List a Directory Recursively via os.walk()

os.walk(top, topdown=True, onerror=None, followlinks=False): recursively list all the entries starting from top.

For example,

import sys
import os

def main():
    
    if len(sys.argv) > 2:  
        print(__doc__)
        sys.exit(1)        
    elif len(sys.argv) == 2:
        dir = sys.argv[1]  
    else:
        dir = '.'          

    
    if not os.path.isdir(dir):
        print('error: {} does not exists'.format(dir))
        sys.exit(1)

    
    for curr_dir, subdirs, files in os.walk(dir):
        "
        print('D:', os.path.abspath(curr_dir))    
        for subdir in sorted(subdirs):  
            print('SD:', os.path.abspath(subdir))
        for file in sorted(files):      
            print(os.path.join(os.path.abspath(curr_dir), file))  

if __name__ == '__main__':
    main()

List a Directory Recursively via Module glob (Python 3.5)

[TODO] Intro

import sys
import os
import glob  

def main():
    
    if len(sys.argv) > 2:  
        print(__doc__)
        sys.exit(1)        
    elif len(sys.argv) == 2:
        dir = sys.argv[1]  
    else:
        dir = '.'          

    
    if not os.path.isdir(dir):
        print('error: {} does not exists'.format(dir))
        sys.exit(1)

    
    for file in glob.glob(dir + '/**/*.txt', recursive=True):
        
        print(file)

    print('----------------------------')

    
    for file in glob.glob(dir + '/**', recursive=True):
        
        if os.path.isdir(file):
            print('D:', file)
        else:
            print(file)

if __name__ == '__main__':
    main()

Copying File

shutil.copyfile(src, dest): Copy from src to dest.

Shell Command [TODO]

os.system(command_str): Run a shell command. (In Python 3, use subprocess.call() instead.)

Environment Variables [TODO]

os.getenv(varname, value=None): Returns the environment variable if it exists, or value if it doesn't, with default of None.
os.putenv(varname, value): Set environment variable to value.
os.unsetenv(varname): Delete (Unset) the environment variable.

fileinput Module

The fileinput module provides support for processing lines of input from one or more files given in the command-line arguments (sys.argv).
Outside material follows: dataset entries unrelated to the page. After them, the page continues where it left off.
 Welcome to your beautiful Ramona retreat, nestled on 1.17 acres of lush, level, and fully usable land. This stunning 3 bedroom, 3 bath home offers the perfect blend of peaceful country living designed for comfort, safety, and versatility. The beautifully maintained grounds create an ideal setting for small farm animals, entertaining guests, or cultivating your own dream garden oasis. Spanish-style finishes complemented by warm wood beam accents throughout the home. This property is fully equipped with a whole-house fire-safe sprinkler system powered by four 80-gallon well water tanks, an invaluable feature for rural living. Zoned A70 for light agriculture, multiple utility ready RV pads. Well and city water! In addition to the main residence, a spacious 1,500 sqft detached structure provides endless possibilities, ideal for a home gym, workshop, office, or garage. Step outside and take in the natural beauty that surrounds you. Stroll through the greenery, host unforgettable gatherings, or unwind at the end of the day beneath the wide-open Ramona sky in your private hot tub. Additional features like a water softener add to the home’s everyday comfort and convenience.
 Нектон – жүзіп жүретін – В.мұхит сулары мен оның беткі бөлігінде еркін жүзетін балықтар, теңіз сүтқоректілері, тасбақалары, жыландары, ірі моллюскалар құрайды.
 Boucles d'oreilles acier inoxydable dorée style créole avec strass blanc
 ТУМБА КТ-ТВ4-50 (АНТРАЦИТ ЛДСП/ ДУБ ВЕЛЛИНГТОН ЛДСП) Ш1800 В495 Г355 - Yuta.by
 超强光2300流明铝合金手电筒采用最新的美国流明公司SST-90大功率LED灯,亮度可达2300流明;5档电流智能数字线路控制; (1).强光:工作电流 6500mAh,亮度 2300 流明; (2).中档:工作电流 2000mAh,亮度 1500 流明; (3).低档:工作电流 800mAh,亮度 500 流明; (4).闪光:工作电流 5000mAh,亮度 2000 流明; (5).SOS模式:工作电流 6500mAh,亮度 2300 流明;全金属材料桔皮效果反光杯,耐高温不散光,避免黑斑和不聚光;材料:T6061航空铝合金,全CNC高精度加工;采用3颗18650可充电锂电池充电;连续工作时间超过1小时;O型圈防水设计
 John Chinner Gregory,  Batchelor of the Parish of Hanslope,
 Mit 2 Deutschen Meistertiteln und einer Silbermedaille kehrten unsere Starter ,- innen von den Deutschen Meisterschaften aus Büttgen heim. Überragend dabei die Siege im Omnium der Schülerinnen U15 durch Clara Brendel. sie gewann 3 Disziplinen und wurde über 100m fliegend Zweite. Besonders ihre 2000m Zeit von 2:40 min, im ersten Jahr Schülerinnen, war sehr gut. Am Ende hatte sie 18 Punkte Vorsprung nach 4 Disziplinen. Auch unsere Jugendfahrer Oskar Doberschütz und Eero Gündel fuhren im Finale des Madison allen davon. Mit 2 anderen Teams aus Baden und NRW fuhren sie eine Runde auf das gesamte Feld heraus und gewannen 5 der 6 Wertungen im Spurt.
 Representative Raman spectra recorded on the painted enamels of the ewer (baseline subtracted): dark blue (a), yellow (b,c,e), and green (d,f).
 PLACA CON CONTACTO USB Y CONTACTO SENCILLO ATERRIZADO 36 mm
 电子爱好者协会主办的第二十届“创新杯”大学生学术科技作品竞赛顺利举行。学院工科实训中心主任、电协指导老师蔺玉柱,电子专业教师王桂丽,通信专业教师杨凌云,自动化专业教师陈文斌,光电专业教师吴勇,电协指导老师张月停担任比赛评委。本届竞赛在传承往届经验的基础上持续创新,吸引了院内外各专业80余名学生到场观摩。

For example, create the following script called "test_fileinput.py":

import fileinput

def main():
    
    lineNumber = 0
    for line in fileinput.input():
        line = line.rstrip()   
        lineNumber += 1
        print('{}: {}'.format(lineNumber, line))

if __name__ == '__main__':
    main()

Text Processing

For simple text string operations such as string search and replacement, you can use the built-in string functions (e.g., str.replace(old, new)). For complex pattern search and replacement, you need to master regular expression (regex).

String Operations

The built-in class str provides many member functions for text string manipulation. Suppose that s is a str object.

Strip whitespaces (blank, tab and newline)

s.strip()-> str: Return a copy of the string s with leading and trailing whitespaces removed. Whitespaces includes blank, tab and newline.
s.strip([chars]) -> str: Strip the leading/trailing characters given, instead of whitespaces.
s.rstrip(), s.lstrip() -> str: Strip the right (trailing) whitespaces and the left (leading) whitespaces, respectively.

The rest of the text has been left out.